#### About this exercise:
What is needed here is an exact repetition of the records below, beginning at the line that has "2018年5月15日,隨著運" and stopping after the line that has "Anora Carmeo Font".

#### Study material:
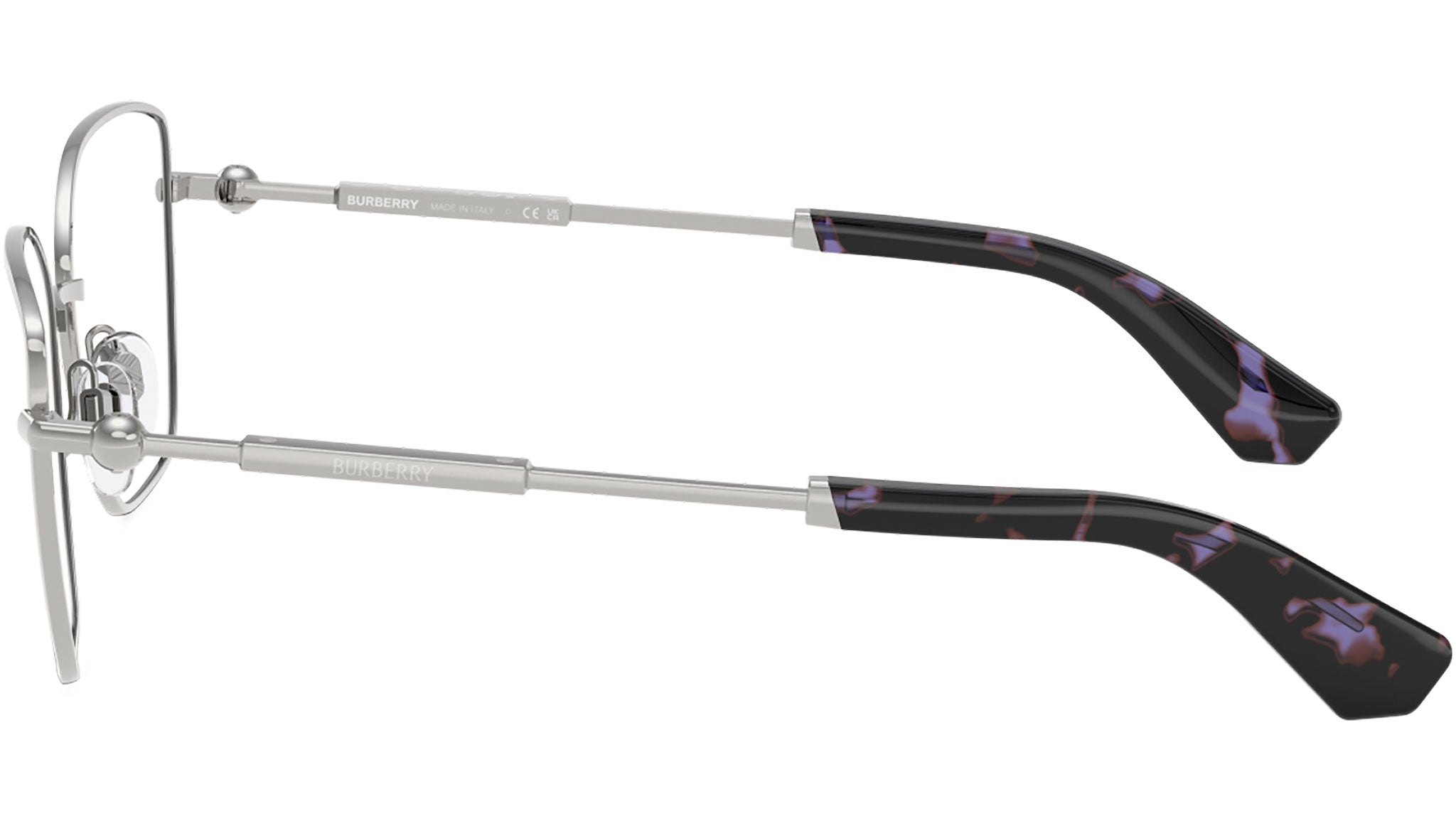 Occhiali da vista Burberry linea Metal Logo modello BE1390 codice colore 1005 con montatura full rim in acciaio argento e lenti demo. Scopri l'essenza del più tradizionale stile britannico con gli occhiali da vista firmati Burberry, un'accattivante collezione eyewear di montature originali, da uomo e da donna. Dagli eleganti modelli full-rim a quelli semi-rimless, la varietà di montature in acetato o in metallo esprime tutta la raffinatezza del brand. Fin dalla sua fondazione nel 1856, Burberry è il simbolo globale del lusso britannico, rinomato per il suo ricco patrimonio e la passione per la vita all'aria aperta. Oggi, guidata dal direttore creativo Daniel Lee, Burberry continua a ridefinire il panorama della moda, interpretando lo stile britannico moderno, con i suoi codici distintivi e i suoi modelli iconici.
--
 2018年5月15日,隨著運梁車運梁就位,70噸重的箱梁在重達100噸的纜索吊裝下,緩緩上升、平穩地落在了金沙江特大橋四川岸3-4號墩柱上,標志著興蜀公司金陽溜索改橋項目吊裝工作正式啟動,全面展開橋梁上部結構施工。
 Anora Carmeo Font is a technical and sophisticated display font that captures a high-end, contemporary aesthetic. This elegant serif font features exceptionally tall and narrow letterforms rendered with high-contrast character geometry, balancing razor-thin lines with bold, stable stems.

#### Written solution:
 2018年5月15日,隨著運梁車運梁就位,70噸重的箱梁在重達100噸的纜索吊裝下,緩緩上升、平穩地落在了金沙江特大橋四川岸3-4號墩柱上,標志著興蜀公司金陽溜索改橋項目吊裝工作正式啟動,全面展開橋梁上部結構施工。
 Anora Carmeo Font is a technical and sophisticated display font that captures a high-end, contemporary aesthetic. This elegant serif font features exceptionally tall and narrow letterforms rendered with high-contrast character geometry, balancing razor-thin lines with bold, stable stems.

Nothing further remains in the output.